Clinton’s tweet received more than 130,000 retweets and 130,000 likes in the first hour or so. That personal record for Clinton comes even though she has fewer followers on Twitter than Trump, 6.66 million to his 8.76 million.

Those numbers do not enter her into the top 10 of most popular tweets. Ellen DeGeneres still takes the top spot for her all-star selfie at the 2014 Academy Awards. That tweet garnered more than 3 million retweets in the following 24 hours. Second place goes to One Direction member Louis Tomlinson.

Obama still sits in top 10 with the tweet sent on the night of his re-election in 2012 that simply read, “Four more years,” with a picture of Obama and his wife Michelle hugging.

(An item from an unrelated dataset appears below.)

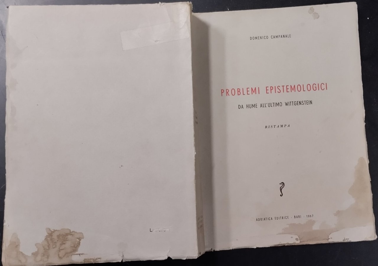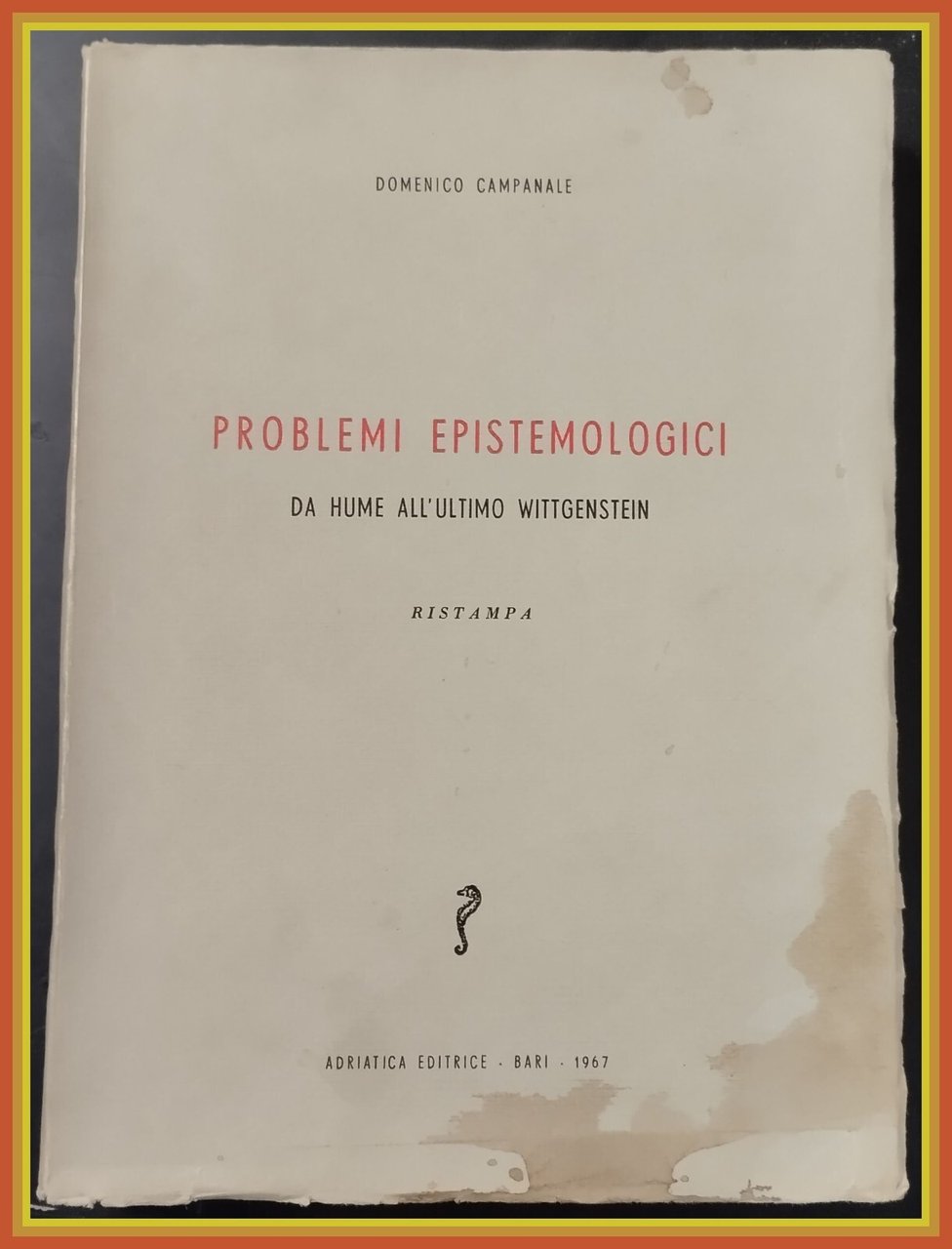 PROBLEMI EPISTEMOLOGICI DA HUME ALL'ULTIMO WITTGENSTEIN di Campanale 1967 Libro

That one was retweeted nearly 800,000 times.

Clinton's most popular tweet before Thursday was her campaign announcement:

Interestingly, despite Clinton’s call for Trump to “Delete his account” and people claiming he violates Twitter’s hate speech policies by condoning violence, racism and sexism, Twitter CEO Jack Dorsey previously said Trump has a place on his microblogging site.

“Well, there's a counter of all the people who are correcting and critiquing and commenting on what he's saying, as well, so I think all of this is about balance. We have the world talking on this thing about the world. So we see every spectrum of idea and conversation,” Dorsey told Bloomberg.

Clinton's tweet quickly evoked its own backlash, given the secretary of state's email scandal.